If Sophie Peel's analysis were corrected so it read: “If the 12 front-runners remain stable throughout the week, that means the new City Council will represent a diverse set of councilors that span the spectrum in age, race and lived experience," the great and the good at the City Club of Portland would know that the voters repaid their noblesse oblige in spades. That outcome is precisely what they were after when they poured their white liberal guilt into the city's new charter.
As I recall, Avalos and an ally sought to drive Mozyrsky off the Citizen Review Committee in 2022. He gave as good as he got, but they surely made his life hell there for a while when they ginned up a grievance about Mozyrsky's style. This will give you a flavor of what transpired:
"Vadim Mozyrsky, who is challenging incumbent City Commissioner Jo Ann Hardesty in the May primary, filed a complaint March 4 with the City Attorney’s Office, claiming two women who serve with him on the Police Citizen Review Committee used the committee to politically smear him."
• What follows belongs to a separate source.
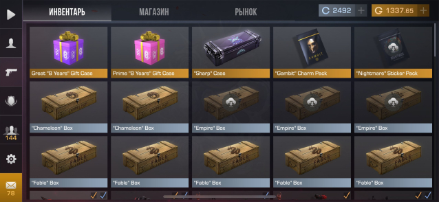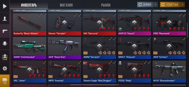 Скины включая нож и тд, все скины посчитал на рынке и курс взял 0.6, все расчитано!

"Specifically, he is taking aim at fellow committee member Shaina Pomerantz, a Black woman, who accused Mozyrsky, who is white, of using 'a tone of anti-Blackness' in emails to her and the committee’s chair, Candace Avalos."
"Pomerantz did so in a March 2 phone call to Mozyrsky in which she says she told him 'the aggression you exhibited towards Candace is both unprofessional and has a tone of anti-Blackness.' In that call, she asked him to resign. (Mozyrsky also recalls her saying that to him and told her he would not resign.)"
https://www.wweek.com/news/city/2022/03/06/responding-to-allegations-of-racism-city-council-candidate-files-complaint-against-two-fellow-members-of-citizen-review-committee/
I can't recall whether, when pressed to elaborate on her allegations, Avalos plead exhaustion or immunity from having to explain herself to white people.